What about using the original code for the last block instead?

That will instead switch from using INIT_A..INIT_D in the first steps (and even optimized at that but I suspect the compiler would do it for us anyway) to reading them from the buffer in the first steps.

Perhaps we can do a stranger thing: Start with the first half of the original MD4, then a branch for possibly more blocks "in the middle of it". But it would be hard to follow and perhaps bug prone.

@solardiz
Copy link
Member

Is there any way to hint the compiler to keep code specific to longer passwords separately, like if (unlikely(md4_size > 27))? Does OpenCL have anything like that?

@magnumripper
Copy link
Member Author

Is there any way to hint the compiler to keep code specific to longer passwords separately, like if (unlikely(md4_size > 27))? Does OpenCL have anything like that?
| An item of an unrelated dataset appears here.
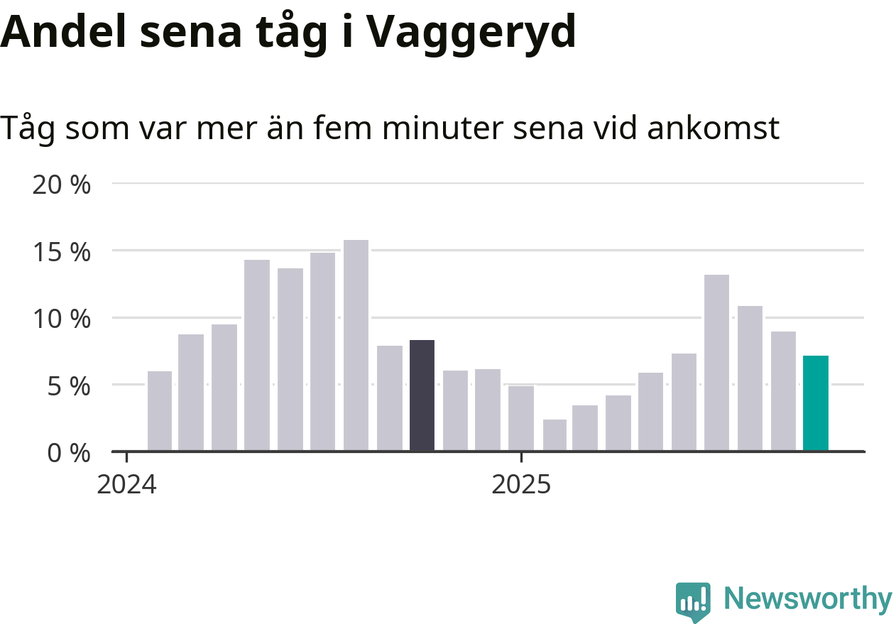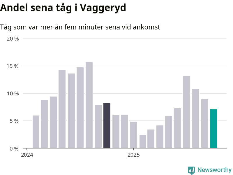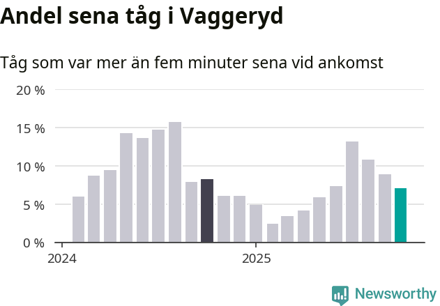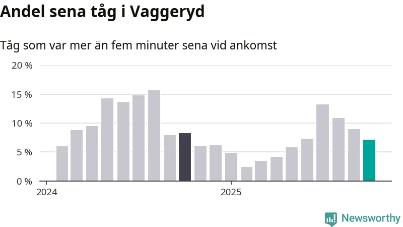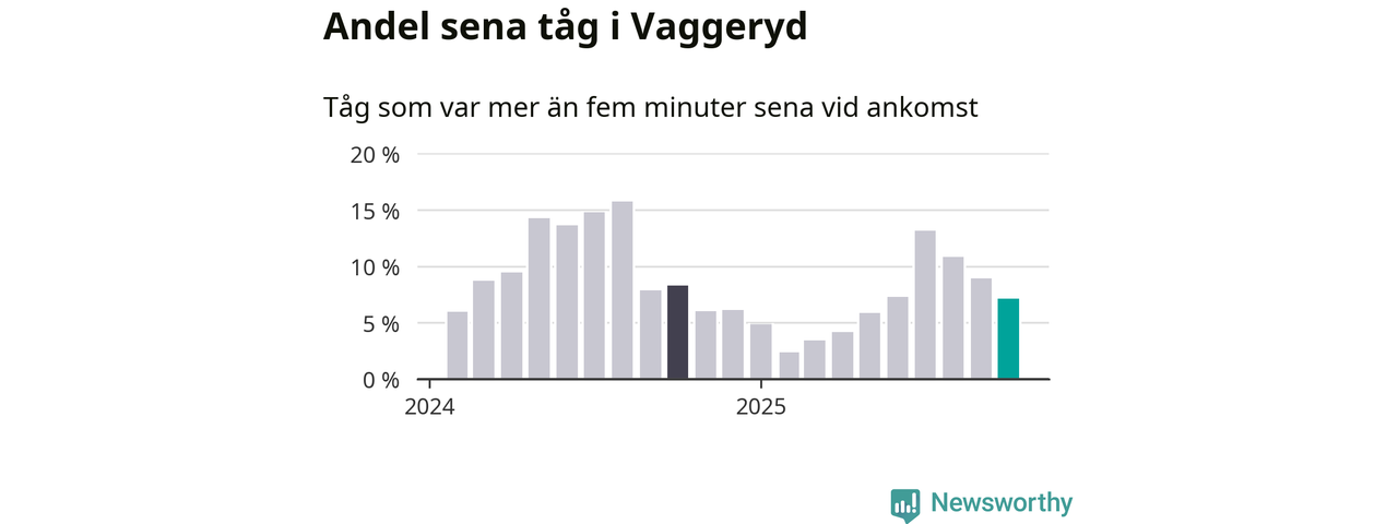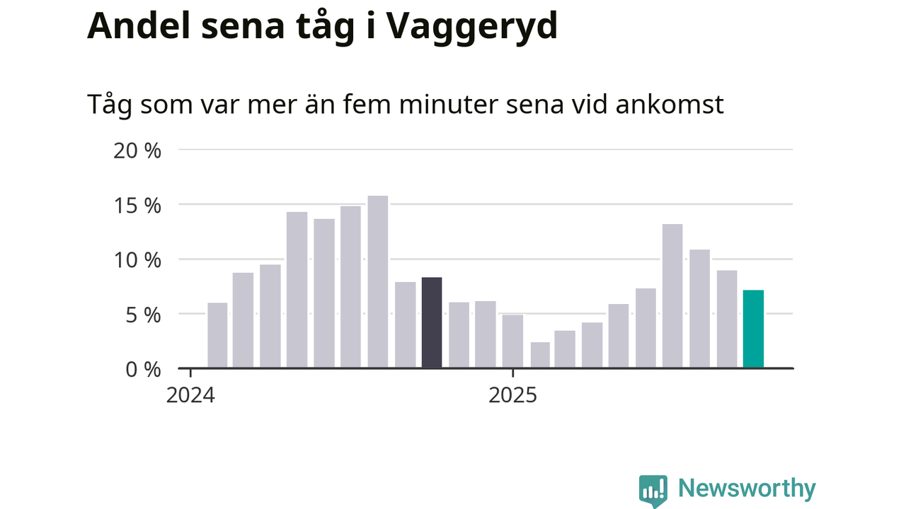 Sju procent kan jämföras med nio procent månaden innan, och åtta procent i oktober 2024. Oktober är den tredje månaden i rad med minskande förseningar i Vaggeryd. Siffrorna bygger på realtidsinformation om tågavgångar och ankomster från Trafikverket, som Newsworthy löpande samlar in.
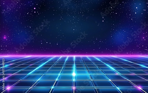 retro, futuristic, landscape, grid, star, night, digital, colours, neon, blue, vibrant, cosmic, bright, horizon, fantasy, space, vision, technology, nostalgia, atmosphere, 80s, art, design, light, illumination, background, pattern, wave, creative, abstract, beauty, dreamlike, cyber, universe, reflections, geometric, surreal

I never heard of that. I suspect some compilers might have it but others will fail because it's not in the standard AFAIK.

@solardiz
Copy link
Member

solardiz commented Mar 12, 2023

Can we just try __builtin_expect and see whether/where it works and then possibly use it conditionally?

@magnumripper
Copy link
Member Author

magnumripper commented Mar 12, 2023

I implemented it like you said, with original code calculating the last or only block. Right now I need three branches in there.
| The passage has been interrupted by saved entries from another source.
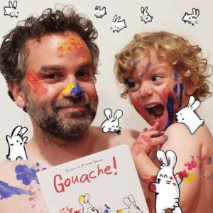 Il demande alors à son fils ce qu’il voit sur les feuilles : « Philémon était dans sa phase lapin… donc il voulait peut-être plus en voir que ce qu’il voyait réellement dans les dessins! » En bon papa, Sylvain Bouton joua le jeu : en superposant certains dessins puis en dessinant au trait noir sur les images, il déniche finalement une histoire qu’il qualifie « d’assez farfelue, d’assez imaginaire ». En résulte ainsi Gouache! (Les 400 coups), un album tout-carton qui explose de couleurs et où l’on suit deux lapins renverser des seaux de peinture pour voir où tout cela peut les mener. « En fait, c’est un délire pictural. Et le fait qu’il n’y ait pas de mots, ça fait agir et interagir le lecteur — l’enfant, mais aussi le parent —, car il doit alors réfléchir, créer sa propre histoire qu’il juxtapose aux images. Car c’est possible de dévier de ce qu’on voit, ce n’est pas juste deux lapins… », explique le papa qui, une fois les livres imprimés reçus à la maison, s’est fait candidement demander par le petit Philémon s’ils pouvaient lire ensemble tous les exemplaires reçus dans la boîte!
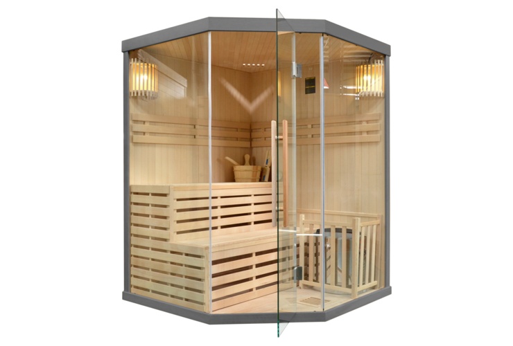 | Wyposażenie | oświetlenie wewnętrzne z osobną wtyczką zasilania; piec i kamienie; ceber z chochlą na wodę do zraszania kamieni; higrometr (pomiar wilgotności); klepsydra (do odmierzania czasu seansu w saunie); dodatkowe oświetlenie LED RGB |
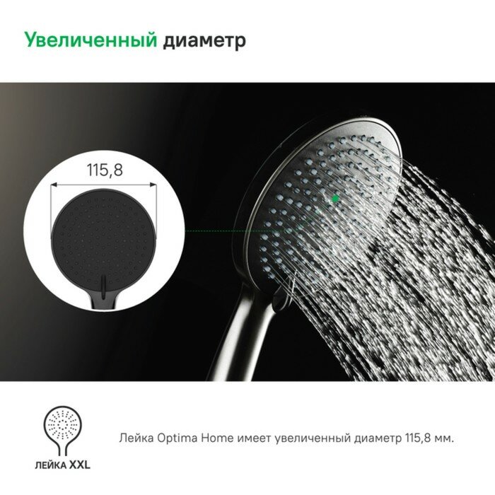 Лейка для душа, черная матовая, Optima Home, IDDIS, OPH1FB9i18
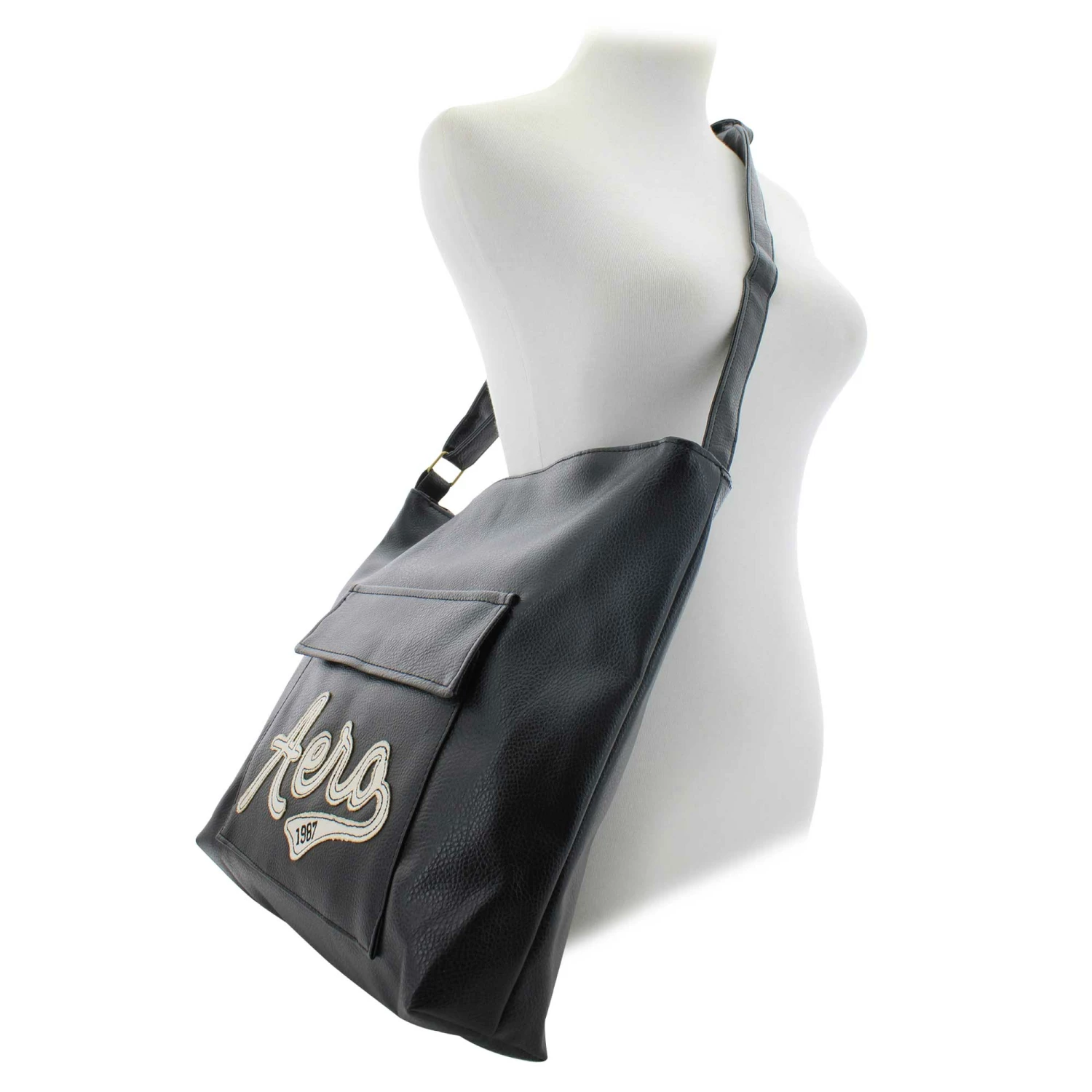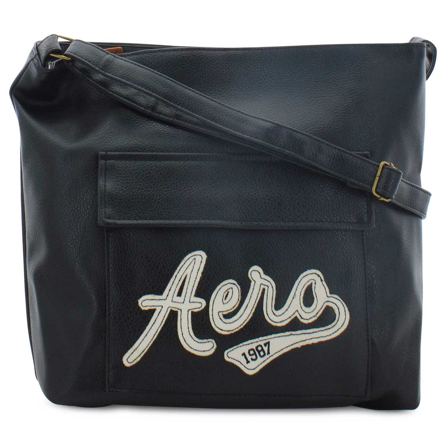 - faux-leather with a stitched Aeropostale logo patch on the front
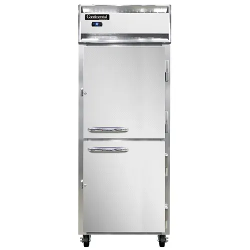 Empower your kitchen staff with the Continental Refrigerator, 1RESNSAHD, Reach-In Refrigerator. This extra-wide, one-section refrigerator is designed to meet the demands of a busy commercial restaurant. With its shallow depth and half-height solid doors, it provides easy access to your ingredients while maximizing space efficiency. The stainless steel exterior and aluminum interior ensure durability and easy cleaning, while the self-contained refrigeration system keeps your food at the perfect temperature. The electronic control with a digital display allows for precise temperature management, and the hi-low alarm alerts your staff if the temperature goes outside the desired range. With a 1/4 HP motor, this refrigerator is powerful enough to handle the needs of a bustling kitchen. Made in the USA and certified by cETLus and NSF, you can trust the quality and reliability of this Continental Refrigerator. Upgrade your kitchen with this top-of-the-line reach-in refrigerator.
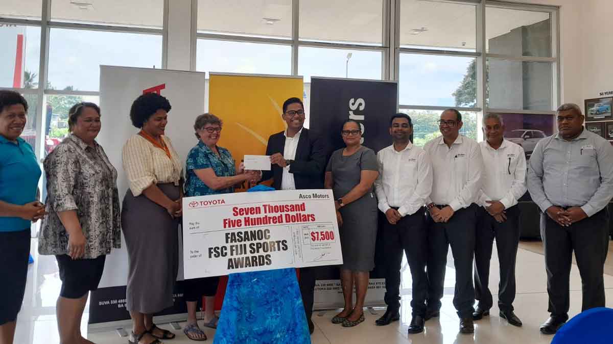 Asco Motors today presented a cheque of $7,500 to the Fiji Sports Committee for their Awards ceremony on the 25th of March.
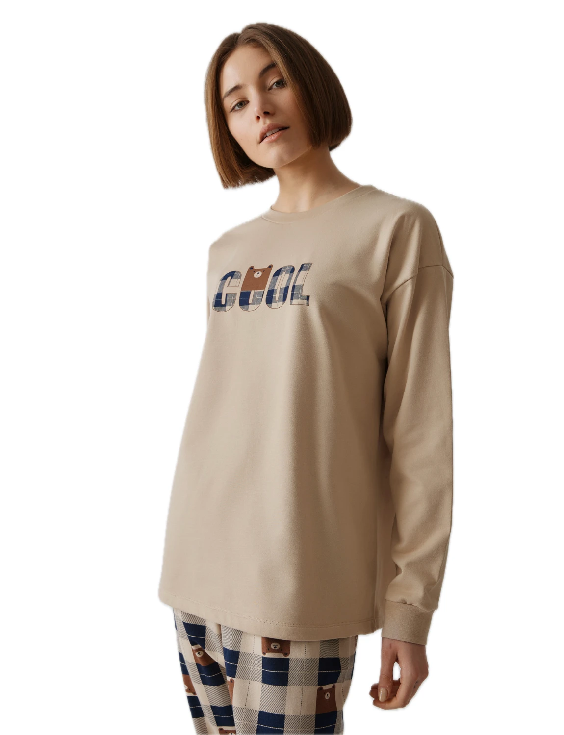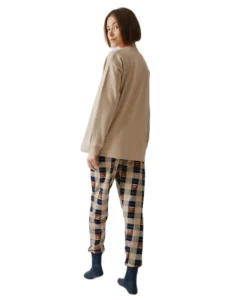 Γυναικεία πιτζάμα από βαμβακερό ύφασμα υψηλής ποιότητας. Αποτελείται από μακρυμάνικη μπλούζα με στρόγγυλη λαιμόκοψη και τύπωμα μπροστά και καρό παντελόνι με μπάσκα στο τελείωμα.

Can we just try __builtin_expect and see whether/where it works and then possibly use it conditionally?

Interestingly enough it works on Mac (all devices), and on Linux both with AMD and nvidia. I'm not seeing a lot of difference though, but a little: AMD now does 14786M with full length support of 125.

Edit: POCL also supports it. Given that virtually all drivers use llvm under the hood AFAIK, there's probably not many platforms that don't!

@magnumripper
Copy link
Member Author

I implemented it like you said, with original code calculating the last or only block. Right now I need three branches in there.

Strangely enough, that very change ruined performance on Apple with AMD Radeon Pro Vega 20, from 6G c/s to 2G c/s. But that platform is so flakey we should care much about it - Linux/AMD is more important.

@magnumripper magnumripper force-pushed the nt-opencl-long branch 2 times, most recently from 7fa91bc to df2d50a Compare March 12, 2023 17:57
@magnumripper magnumripper marked this pull request as draft March 12, 2023 18:02
@solardiz
Copy link
Member

I implemented it like you said, with original code calculating the last or only block. Right now I need three branches in there.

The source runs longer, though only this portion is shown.